Fire Retardants in Toddlers and Their Mothers
Levels Three Times Higher in Toddlers Than Moms
Appendix: Study Details
Fire Retardants in Toddlers and Their Mothers: Appendix: Study Details
Paired blood samples were collected on the same day from 20 mothers and their first born children. Our child participants were 1.5 to 4 years old (average age 3 years). All were were living in the same house as their mother during the study. 8 of 20 mothers were multiparous, and 3 more were pregnant at the time of blood testing. The majority of our study participants are Caucasian. 1 participant is African-American and another is Latina. Their ages range from 28 to 44 years old. All are college graduates. All children were breastfed as infants for at least 4 months, with 14 of 20 for longer than 1 year. This is a longer duration of breastfeeding than is typical for American children.

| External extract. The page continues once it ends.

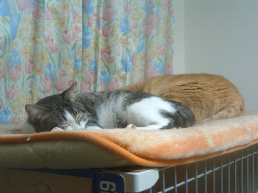 夜9時には、ヤマトをケージから出してやるんだけど...食後なので他の子達はみんな寝ていて、やっぱり今夜も誰も相手をしてくれなかった。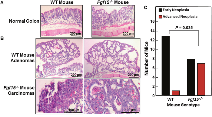 Figure 5: Advanced colon neoplasia in FGF15-deficient mice. (A) Representative images of normal colons from WT and FGF15-deficient mice. Size bars, 200 μm. (B) Representative images of colon adenomas in two WT mice and adenocarcinomas in two FGF15-deficient mice. Size bars, 200 and 100 μm, respectively. (C) Numbers of WT and FGF15-deficient mice whose colons contained only early neoplasia [aberrant crypt foci (ACF) and/or adenomas] versus those containing advanced neoplasia (high-grade dysplasia and/or adenocarcinoma). The distribution of these lesions in WT versus FGF15-deficient mice was significantly different (P = 0.035, two-tailed Fisher’s exact test).

The study participants reside in 16 cities in 11 U.S. states: Alaska, California (5), Colorado, Connecticut, the District of Columbia (3), Massachusetts, Minnesota, Montana (3), New Mexico, Oregon, and Washington (2). We collected substantial information from participants about their diet, household products, occupation and places of residence. We found no obvious relationship between PBDE concentrations and mother or child's age, mother's occupation, duration of nursing, participant's body mass, diet or other household factors. None of our participants reported unusual contact with foam furnishings or electronics in their home, daycare or workplace.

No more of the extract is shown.